I'd like the full listing transcribed exactly, with no images included.

▶ _Stored data_
————————

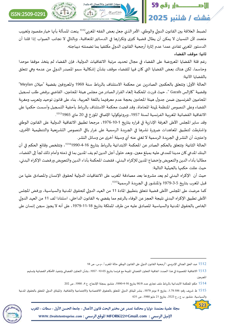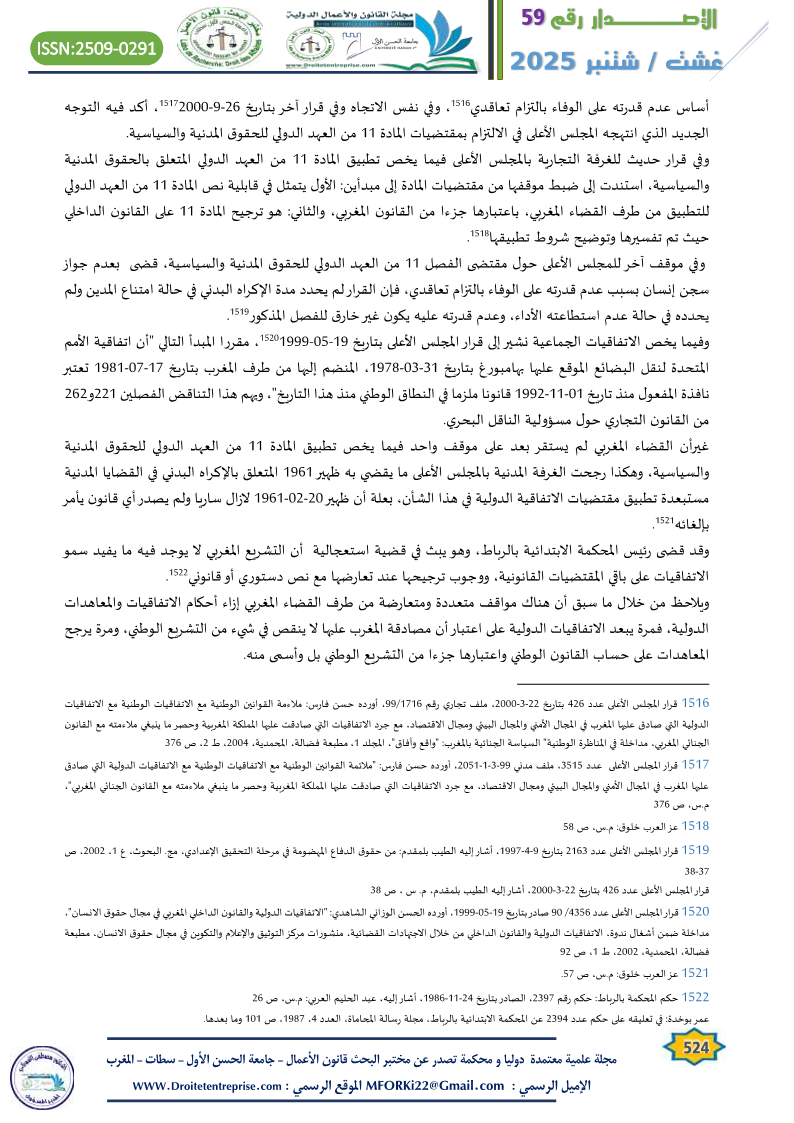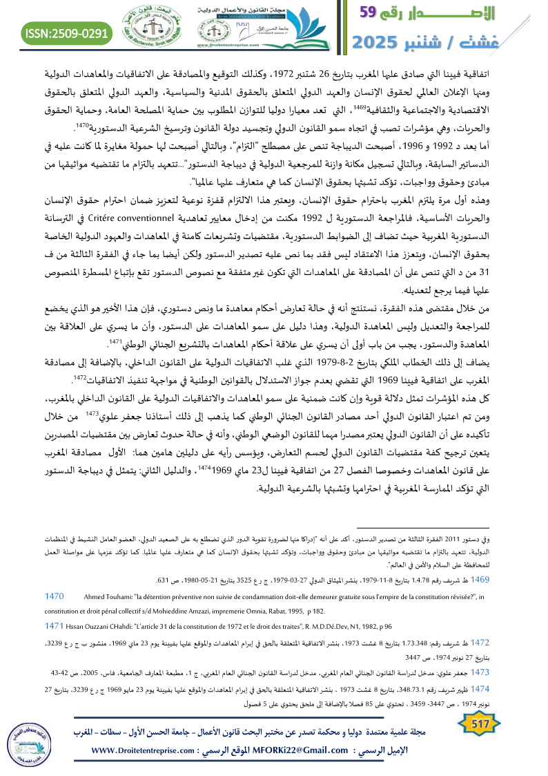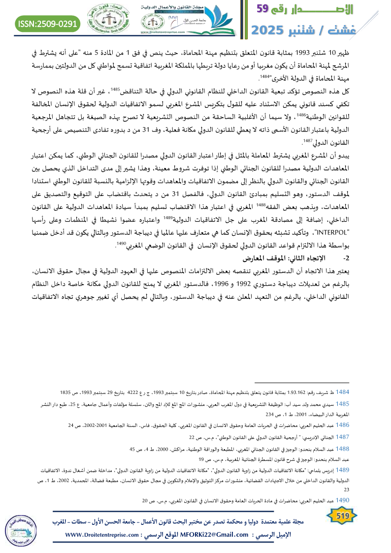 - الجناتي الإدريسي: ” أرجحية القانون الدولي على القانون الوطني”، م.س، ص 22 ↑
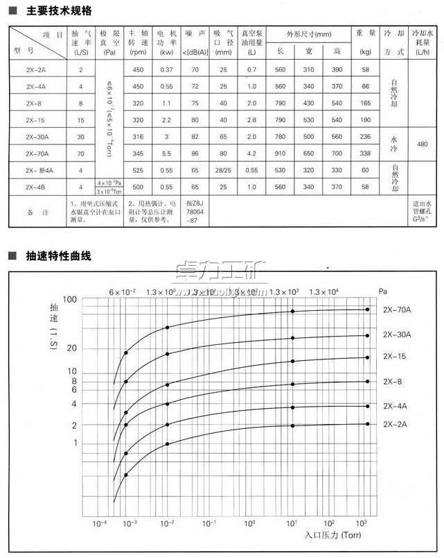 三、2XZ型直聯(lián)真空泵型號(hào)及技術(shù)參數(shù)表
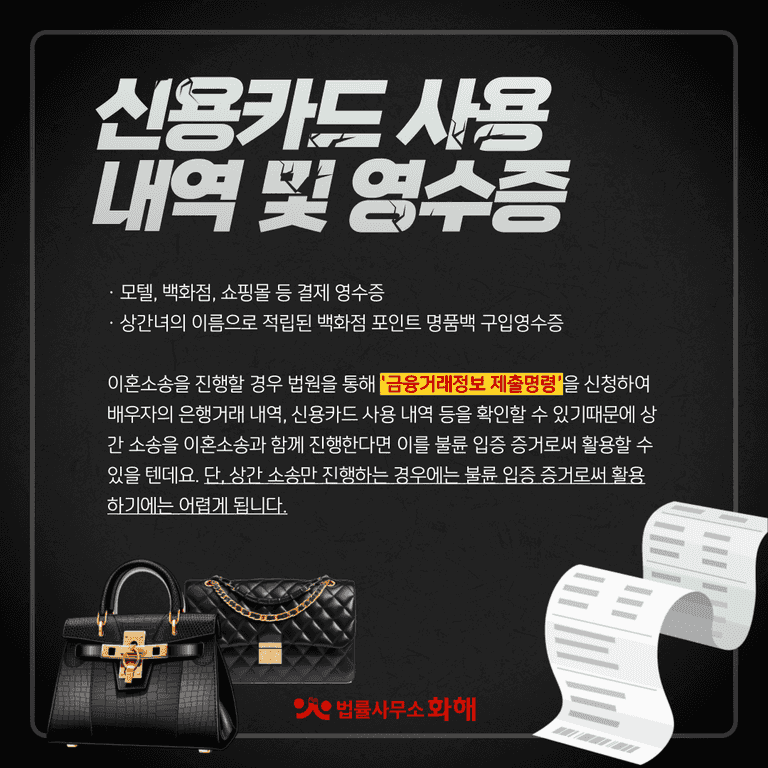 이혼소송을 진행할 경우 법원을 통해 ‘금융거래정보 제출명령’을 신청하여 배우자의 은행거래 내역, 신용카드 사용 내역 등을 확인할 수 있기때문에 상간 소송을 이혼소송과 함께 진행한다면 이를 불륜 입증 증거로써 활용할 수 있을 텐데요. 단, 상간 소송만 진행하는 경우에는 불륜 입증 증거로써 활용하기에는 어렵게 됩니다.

————————

▶ _Solved exercise_
 - الجناتي الإدريسي: ” أرجحية القانون الدولي على القانون الوطني”، م.س، ص 22 ↑
 三、2XZ型直聯(lián)真空泵型號(hào)及技術(shù)參數(shù)表
 이혼소송을 진행할 경우 법원을 통해 ‘금융거래정보 제출명령’을 신청하여 배우자의 은행거래 내역, 신용카드 사용 내역 등을 확인할 수 있기때문에 상간 소송을 이혼소송과 함께 진행한다면 이를 불륜 입증 증거로써 활용할 수 있을 텐데요. 단, 상간 소송만 진행하는 경우에는 불륜 입증 증거로써 활용하기에는 어렵게 됩니다.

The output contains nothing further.